Reference Implementation
========================

This regular expression may be used to parse the metadata:

.. code:: text

   (?ms)^__pyproject__ *= *"""\\?$(.+?)^"""$

In circumstances where there is a discrepancy between the regular expression
and the text specification, the text specification takes precedence.

The following is an example of how to read the metadata on Python 3.11 or
higher.

.. code:: python

    import re, tomllib

    def read(script: str) -> dict | None:
        match = re.search(r'(?ms)^__pyproject__ *= *"""\\?$(.+?)^"""$', script)
        return tomllib.loads(match.group(1)) if match else None

Often tools will edit dependencies like package managers or dependency update
automation in CI. The following is a crude example of modifying the content
using the ``tomlkit`` library.

.. code:: python

    import re, tomlkit

    def add(script: str, dependency: str) -> str:
        match = re.search(r'(?ms)^__pyproject__ *= *"""\\?$(.+?)^"""$', script)
        config = tomlkit.parse(match.group(1))
        config['project']['dependencies'].append(dependency)

        start, end = match.span(1)
        return script[:start] + tomlkit.dumps(config) + script[end:]

Note that this example used a library that preserves TOML formatting. This is
not a requirement for editing by any means but rather is a "nice to have"
especially since there are unlikely to be embedded comments.


Backwards Compatibility
=======================

At the time of writing, the ``__pyproject__`` variable only appears five times
`on GitHub`__ and four of those belong to a user who appears to already be
using this PEP's exact format.

__ https://github.com/search?q=__pyproject__&type=code

For example, `this script`__ uses ``matplotlib`` and ``pandas`` to plot a
timeseries. It is a good example of a script that you would see in the wild:
self-contained and short.

__ https://github.com/cjolowicz/scripts/blob/31c61e7dad8d17e0070b080abee68f4f505da211/python/plot_timeseries.py

This user's tooling invokes scripts by creating a project at runtime using the
embedded metadata and then uses an entry point that references the main
function.

This PEP allows this user's tooling to remove that extra step of indirection.

This PEP's author has discovered after writing a draft that this pattern is
used in the wild by others (sent private messages).


Security Implications
=====================

If a script containing embedded metadata is ran using a tool that automatically
installs dependencies, this could cause arbitrary code to be downloaded and
installed in the user's environment.

The risk here is part of the functionality of the tool being used to run the
script, and as such should already be addressed by the tool itself. The only
additional risk introduced by this PEP is if an untrusted script with a
embedded metadata is run, when a potentially malicious dependency might be
installed. This risk is addressed by the normal good practice of reviewing code
before running it.


How to Teach This
=================

Since the format chosen is the same as the official metadata standard, we can
have a page that describes how to embed the metadata in scripts and to learn
about metadata itself direct users to the living document that describes
`project metadata <pyproject metadata_>`_.

We will document that the name and version fields in the ``[project]`` table
may be elided for simplicity. Additionally, we will have guidance (perhaps
temporary) explaining that single-file scripts cannot be built into a wheel
and therefore you would never see the associated ``[build-system]`` metadata.

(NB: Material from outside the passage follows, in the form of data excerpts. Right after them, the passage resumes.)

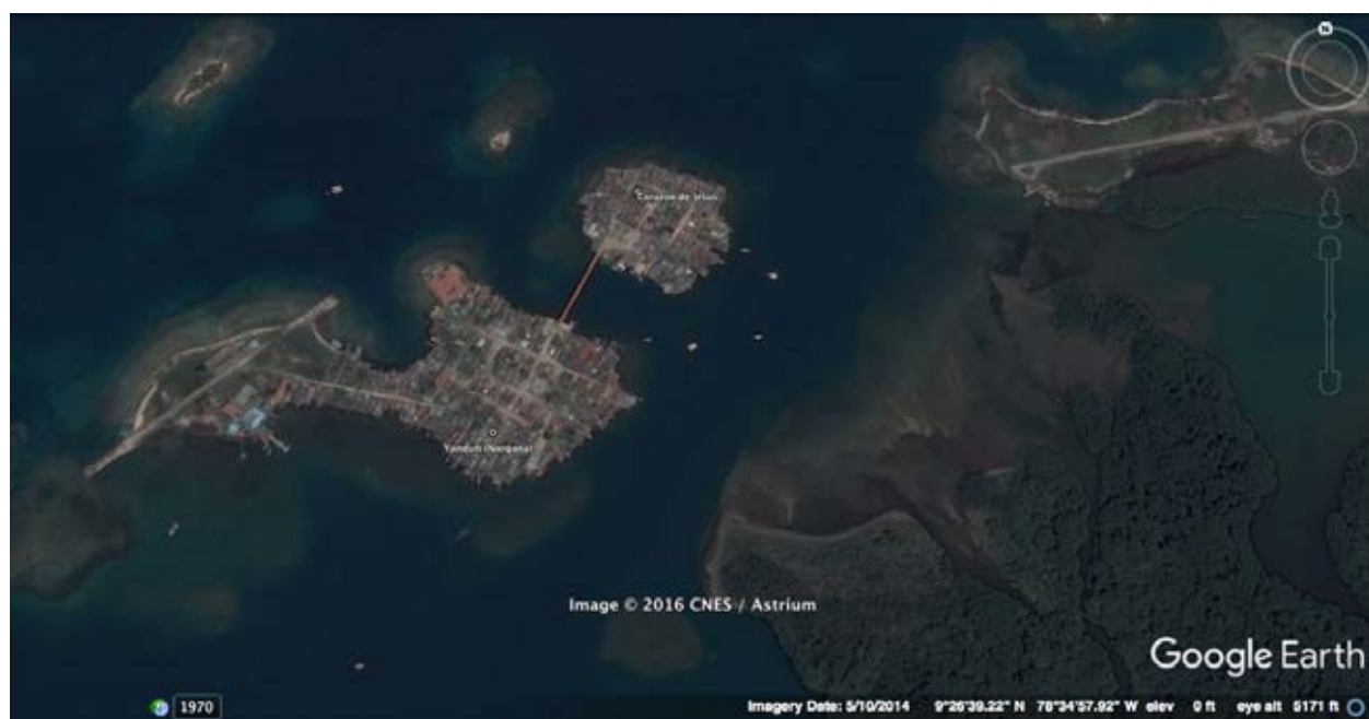
Google Earth's image of Yandub (Narganá) and Corazón de Jesús.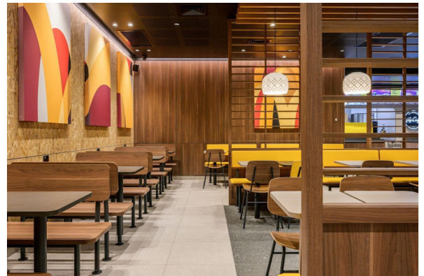
Mc Donalds Endinburgh 5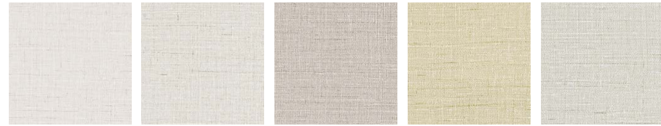
DN2-ELS-07 Canvas DN2-ELS-08 Sand DN2-ELS-10 Pongee DN2-ELS-20 Irish Linen DN2-ELS-21 Sail Cloth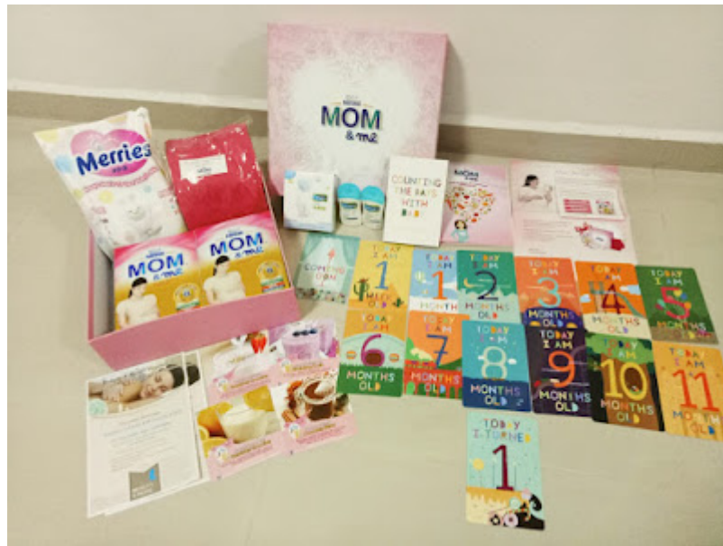
Goodie bag from Nestle's Baby Club...I loved this!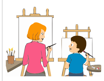
Visual / Spatial navigator sculptor architect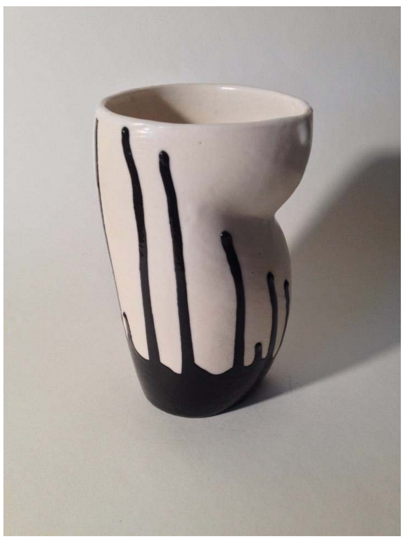
Figure 23: Tumbler.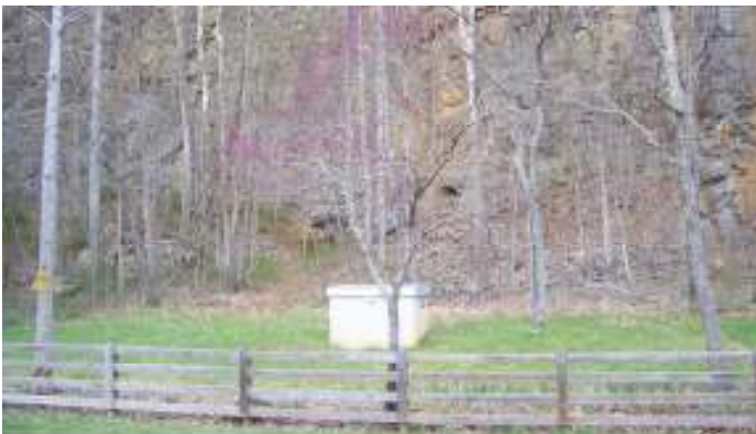
Pump house by Blowing Cave that we parked near

Arriving at the Blowing Cave, we parked across the road from the pump house.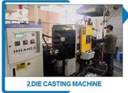
2.DIE CASTING MACHINE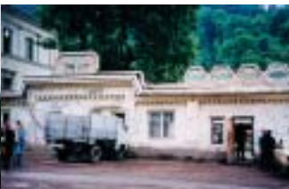
Borjomi mineral water bottling factory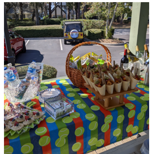
The ladies at the 3.5 40 + SCYC USTA Matches Member spectators and delectable spread of post-match refreshments at the 55+ SCYC USTA Match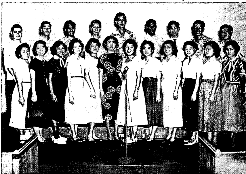
Pictured above is a part of the Aiea Choir who participated in the "Prince of Peace."

How many people have you enrolled in the Voice of Prophecy correspondence course? It is a very important form of missionary work and takes only a minimum amount of effort on your part.

Finally, we may want to list some tools that support this PEP's format.


Recommendations
===============

Tools that support managing different versions of Python should attempt to use
the highest available version of Python that is compatible with the script's
``requires-python`` metadata, if defined.


Rejected Ideas
==============

Why not limit to specific metadata fields?
------------------------------------------

By limiting the metadata to a specific set of fields, for example just
``dependencies``, we would prevent legitimate use cases both known and unknown.
The following are examples of known use cases:

* ``requires-python``: For tools that support managing Python installations,
  this allows users to target specific versions of Python for new syntax
  or standard library functionality.
* ``version``: It is quite common to version scripts for persistence even when
  using a VCS like Git. When not using a VCS it is even more common to version,
  for example the author has been in multiple time sensitive debugging sessions
  with customers where due to the airgapped nature of the environment, the only
  way to transfer the script was via email or copying and pasting it into a
  chat window. In these cases, versioning is invaluable to ensure that the
  customer is using the latest (or a specific) version of the script.
* ``description``: For scripts that don't need an argument parser, or if the
  author has never used one, tools can treat this as help text which can be
  shown to the user.

By not allowing the ``[tool]`` section, we would prevent especially script
runners from allowing users to configure behavior. For example, a script runner
may support configuration instructing to run scripts in containers for
situations in which there is no cross-platform support for a dependency or if
the setup is too complex for the average user like when requiring Nvidia
drivers. Situations like this would allow users to proceed with what they want
to do whereas otherwise they may stop at that point altogether.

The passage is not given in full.